Copyright (c) 2015 IETF Trust and the persons identified as the
document authors. All rights reserved.
This document is subject to BCP 78 and the IETF Trust's Legal
Provisions Relating to IETF Documents
(http://trustee.ietf.org/license-info) in effect on the date of
publication of this document. Please review these documents
carefully, as they describe your rights and restrictions with respect
to this document. Code Components extracted from this document must
include Simplified BSD License text as described in Section 4.e of
the Trust Legal Provisions and are provided without warranty as
described in the Simplified BSD License.
Hildebrand & Trammell Expires September 10, 2015 [Page 1]
Internet-Draft I-D March 2015
1. Introduction
The goal of SPUD (Substrate Protocol for User Datagrams) is to
provide a mechanism for grouping UDP packets together into a "tube"
with a defined beginning and end in time. Devices on the network
path between the endpoints speaking SPUD may communicate explicitly
with the endpoints outside the context of the end-to-end
conversation.
The SPUD protocol is a prototype, intended to promote further
discussion of potential use cases within the framework of a concrete
approach.
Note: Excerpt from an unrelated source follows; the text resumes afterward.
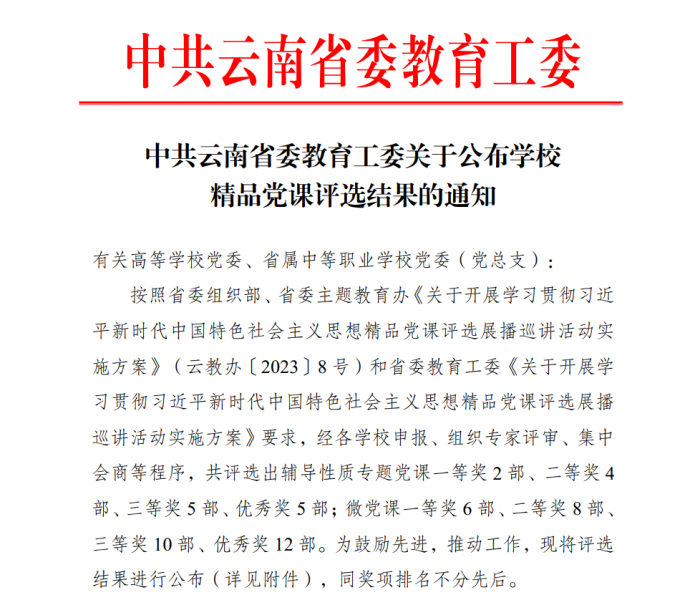 精品党课评选展播活动是省委组织部、省委主题教育办、省委教育工委为推动学习贯彻习近平新时代中国特色社会主义思想和党的二十大精神走深走实,以党员教育丰硕成果服务教育事业高质量发展的一项工作举措,学校相关部门按要求开展了广泛宣传和动员,组织了校内评审推荐。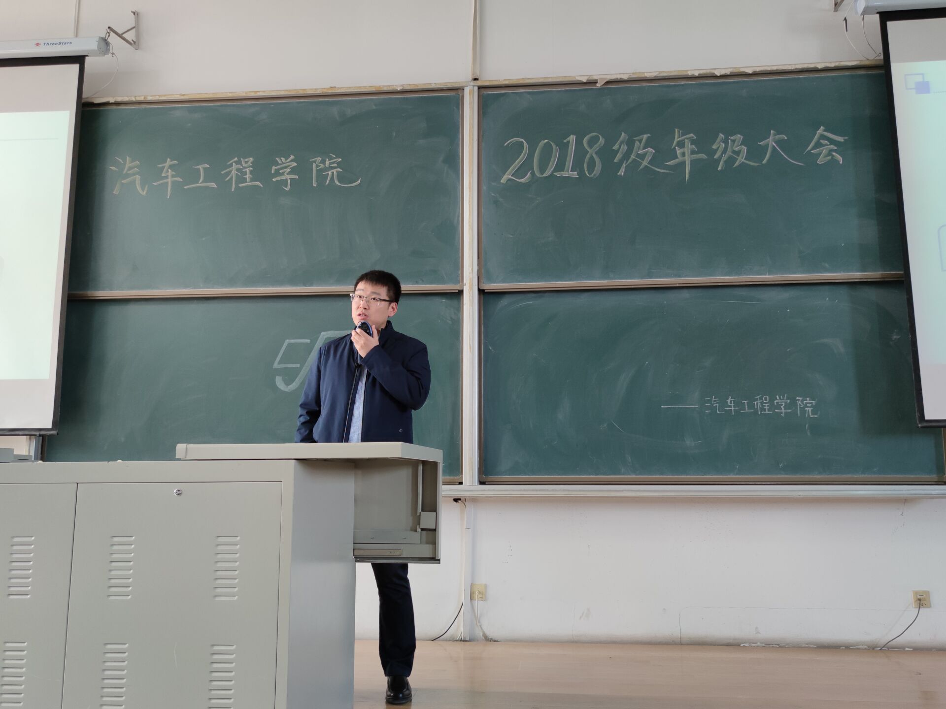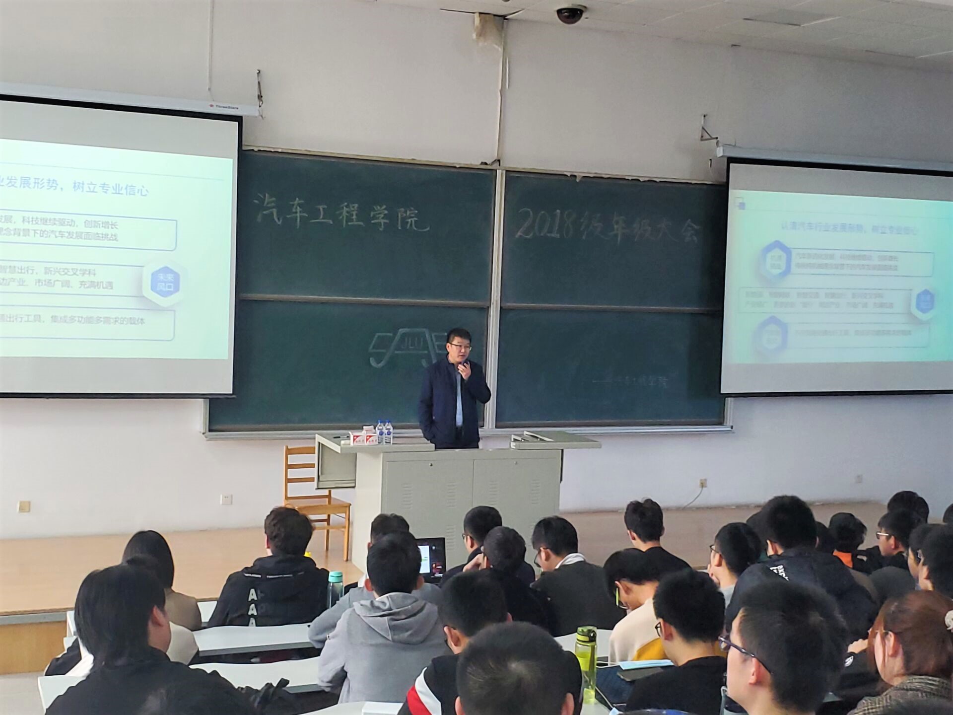 为让同学们认清汽车行业发展趋势,树立专业自信,增强日常生活管理,富豪娱乐城 于2020年10月29日中午12:30在逸夫教育大楼B416召开2018级年级大会,富豪娱乐城 党委副书记兼副院长盛磊老师、2018级辅导员张晓佳老师出席会议。

To move forward, ideas explored in this protocol might be
implemented inside another protocol such as DTLS.
1.1. Terminology
In this document, the key words "MUST", "MUST NOT", "REQUIRED",
"SHALL", "SHALL NOT", "SHOULD", "SHOULD NOT", "RECOMMENDED", "MAY",
and "OPTIONAL" are to be interpreted as described in BCP 14, RFC 2119
[RFC2119].
2. Requirements, Assumptions and Rationale
The prototype described in this document is designed to provide an
encapsulation for transport protocols which allows minimal and
selective exposure of transport semantics, and other transport- and
higher-layer information; and explicit discovery of selected
information about devices along the path by the transport and higher
layers.
The encryption of transport- and higher-layer content encapsulated
within SPUD is not mandatory; however, the eventual intention is that
explicit communication between endpoints and the path can largely
replace the implicit endpoint-to-path communication presently derived
by middleboxes through deep packet inspection (DPI).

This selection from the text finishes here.